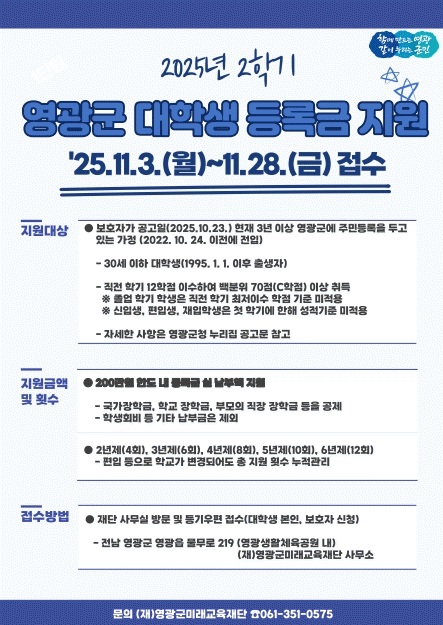 (Àç)¿µ±¤±º¹Ì·¡±³À°Àç´Ü, 2025³â 2Çб⠴ëÇлý µî·Ï±Ý Áö¿ø»ç¾÷ °ø°í
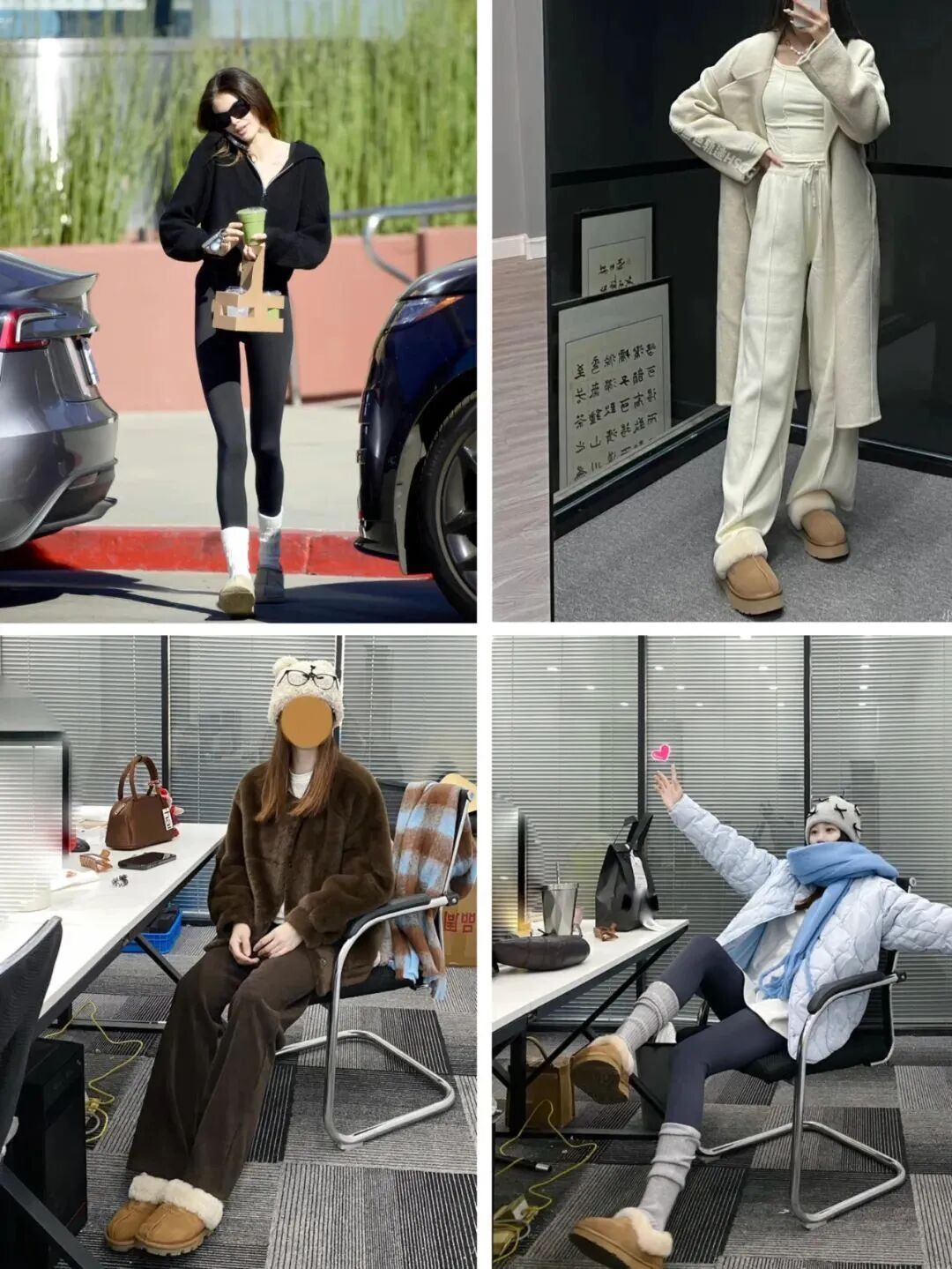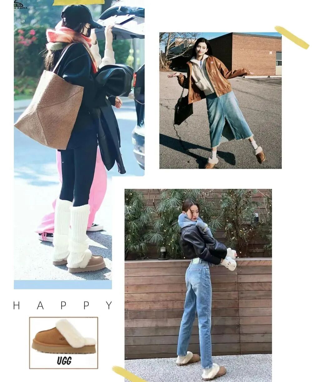 像大火了几个秋冬的U*G家的厚底绒拖,从明星到素人,一到冬天真是爱不释“脚”~
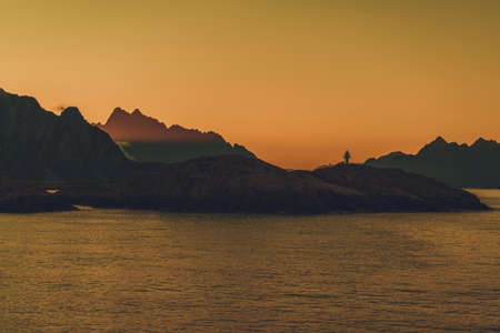 Nordland County City of Svolvær Lighthouse on the Rock. World Famous Lofoten Region First Sun Rays of the Midnight Sunrise. Scenic Norway Summer.
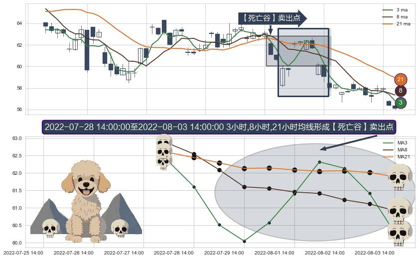 ⚀ 2022-07-29 13:00:00-小时至2022-08-03 14:00:00-小时显现 3小时-8小时-21小时均线 【死亡谷】卖出点 看空信号,后市看跌,卖出
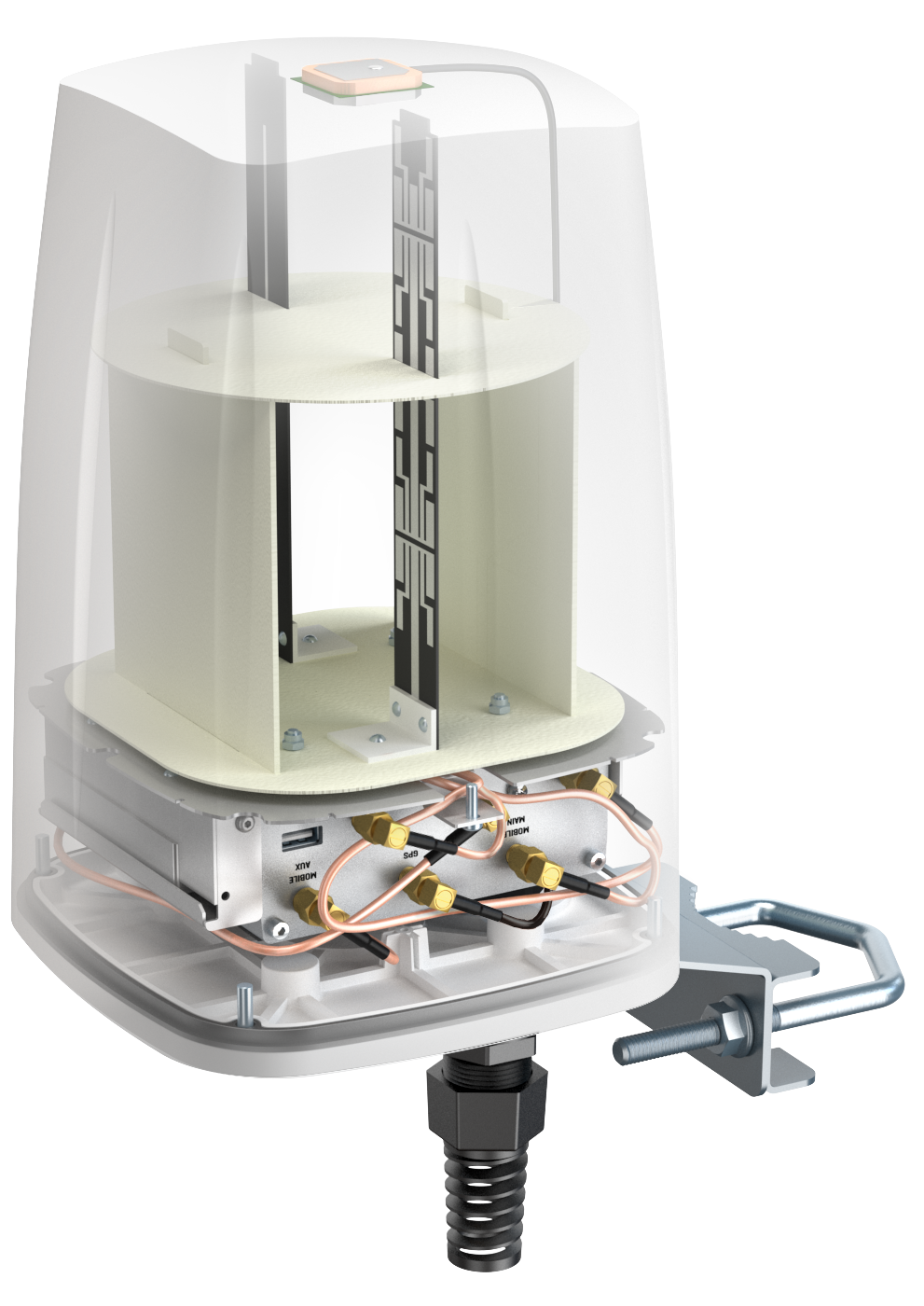 Las antenas QuSpot integran una antena LTE onmidireccional (360º) con una ganancia de entre 2dBi y 4dBi en función de la banda de frecuencias y una antena WiFi también onmidireccional dual band (2.4GHz y 5GHz) con una ganacia de 6-7dBi dentro de una envolvente de material ABS con protección IP67. En aquellos modelos de router con módulo GPS (RUT955, RUX09 y RUTX11) también se incluye una antena GPS.Las antenas QuSpot están especialmente indicadas para su instalación en aplicaciones móviles como vehículos o embarcaciones.
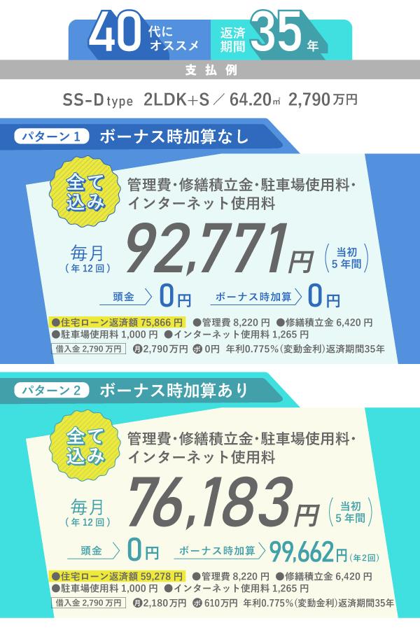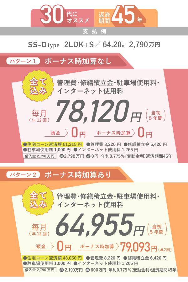 • 30代でも長期の住宅ローンを組むことが可能です。例えば34歳で返済期間45年の住宅ローンを組んだ場合、返済額は頭金0円・ボーナス時加算0円で、月々61,215円。マンション購入後、月々の支払が必要な管理費・修繕積立金・駐車場使用料・インターネット使用料をすべて合計しても月々支払額は78,120円。賃貸物件とは違い、購入物件は資産になるものですから、この価格でマンションを購入できるのは魅力的。月々の返済額をできるだけ抑えたい方は、住宅ローンの完済時年齢を意識しながら、検討を進めることが重要です。
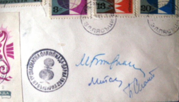 Varna, 1962. First Edition. First Day Cover of the set of 6 Official Stamps and 1 Official Block specialy issued for the Olympiad together with the Official Philatelic Cancels. Signed by three world champions (one then-current, two then-future) -- BOTVINNIK,TAL and SPASSKY.
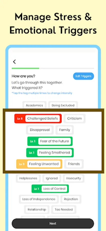 -identify negative and distorted thinking patterns to change your emotions and your behaviors for the better. Tochi has a feature called Emotional Triggers where we can help you manage your panic attacks and you can record what is really causing your anxiety to look back and analyze in detail.
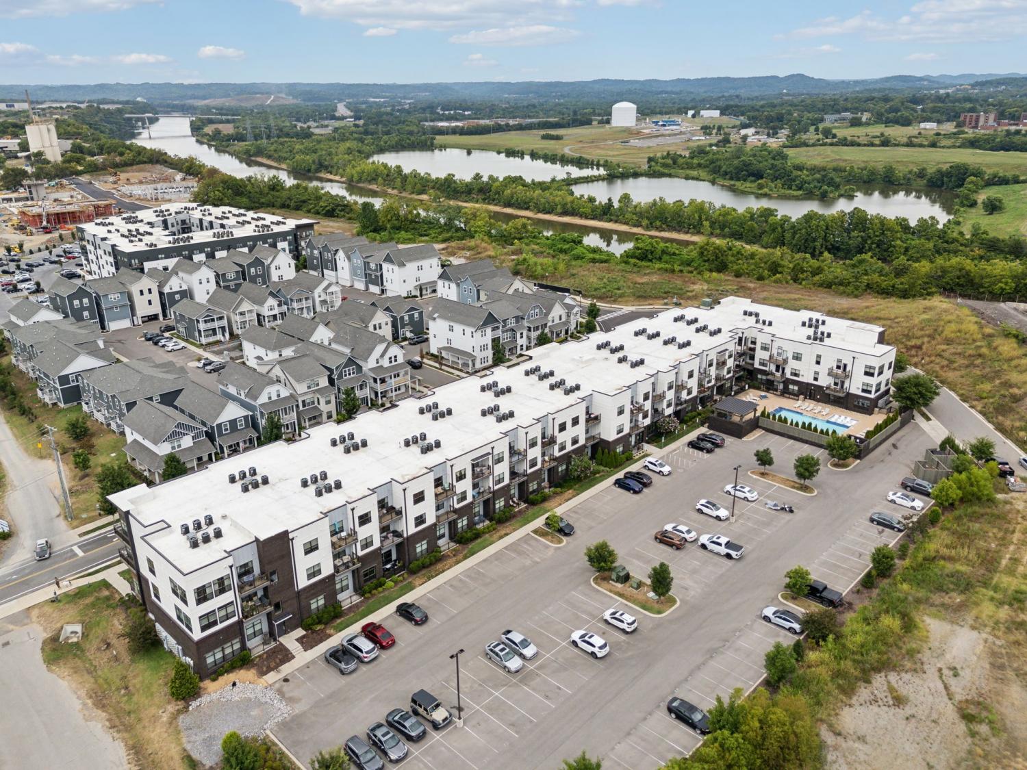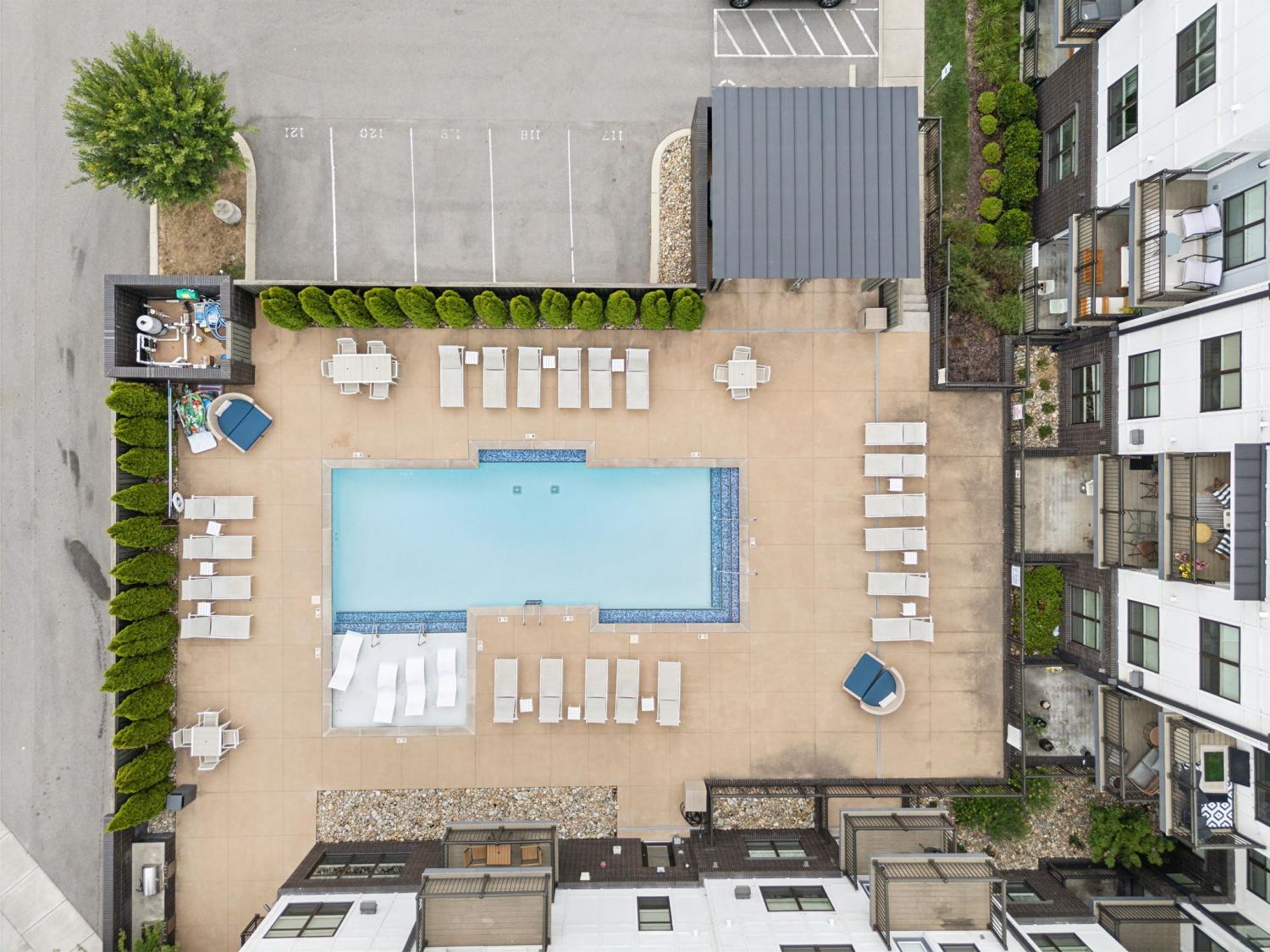 Imagine maintenance free living with all the amenities you need in an easily walkable neighborhood, highlighting multiple restaurants, breweries, coffee shops and more! This can all be yours in a perfectly maintained, better than new, top floor flat located in the hip Nations building of Silo House! This west facing, one bedroom condo provides sunsets from most every room and the cozy private balcony, with an open floor plan with plenty of room to entertain while cooking in the spacious kitchen. Hardwood floors gleam throughout, light streams in the vast windows, bright neutrals make this unit appealing to most everyone and to top it off, the amenities are top notch with a saltwater pool, fitness center, outdoor lounge area with tvs, and an assigned parking space. Plus, short term rentals are not permitted in this building so you can know your neighbors!

----------

→ **Your goal**: Copy each entry exactly as written, and drop the pictures from the copy.

→ **Expected answer**:
 (Àç)¿µ±¤±º¹Ì·¡±³À°Àç´Ü, 2025³â 2Çб⠴ëÇлý µî·Ï±Ý Áö¿ø»ç¾÷ °ø°í
 像大火了几个秋冬的U*G家的厚底绒拖,从明星到素人,一到冬天真是爱不释“脚”~
 Nordland County City of Svolvær Lighthouse on the Rock. World Famous Lofoten Region First Sun Rays of the Midnight Sunrise. Scenic Norway Summer.
 ⚀ 2022-07-29 13:00:00-小时至2022-08-03 14:00:00-小时显现 3小时-8小时-21小时均线 【死亡谷】卖出点 看空信号,后市看跌,卖出
 Las antenas QuSpot integran una antena LTE onmidireccional (360º) con una ganancia de entre 2dBi y 4dBi en función de la banda de frecuencias y una antena WiFi también onmidireccional dual band (2.4GHz y 5GHz) con una ganacia de 6-7dBi dentro de una envolvente de material ABS con protección IP67. En aquellos modelos de router con módulo GPS (RUT955, RUX09 y RUTX11) también se incluye una antena GPS.Las antenas QuSpot están especialmente indicadas para su instalación en aplicaciones móviles como vehículos o embarcaciones.
 • 30代でも長期の住宅ローンを組むことが可能です。例えば34歳で返済期間45年の住宅ローンを組んだ場合、返済額は頭金0円・ボーナス時加算0円で、月々61,215円。マンション購入後、月々の支払が必要な管理費・修繕積立金・駐車場使用料・インターネット使用料をすべて合計しても月々支払額は78,120円。賃貸物件とは違い、購入物件は資産になるものですから、この価格でマンションを購入できるのは魅力的。月々の返済額をできるだけ抑えたい方は、住宅ローンの完済時年齢を意識しながら、検討を進めることが重要です。
 Varna, 1962. First Edition. First Day Cover of the set of 6 Official Stamps and 1 Official Block specialy issued for the Olympiad together with the Official Philatelic Cancels. Signed by three world champions (one then-current, two then-future) -- BOTVINNIK,TAL and SPASSKY.
 -identify negative and distorted thinking patterns to change your emotions and your behaviors for the better. Tochi has a feature called Emotional Triggers where we can help you manage your panic attacks and you can record what is really causing your anxiety to look back and analyze in detail.
 Imagine maintenance free living with all the amenities you need in an easily walkable neighborhood, highlighting multiple restaurants, breweries, coffee shops and more! This can all be yours in a perfectly maintained, better than new, top floor flat located in the hip Nations building of Silo House! This west facing, one bedroom condo provides sunsets from most every room and the cozy private balcony, with an open floor plan with plenty of room to entertain while cooking in the spacious kitchen. Hardwood floors gleam throughout, light streams in the vast windows, bright neutrals make this unit appealing to most everyone and to top it off, the amenities are top notch with a saltwater pool, fitness center, outdoor lounge area with tvs, and an assigned parking space. Plus, short term rentals are not permitted in this building so you can know your neighbors!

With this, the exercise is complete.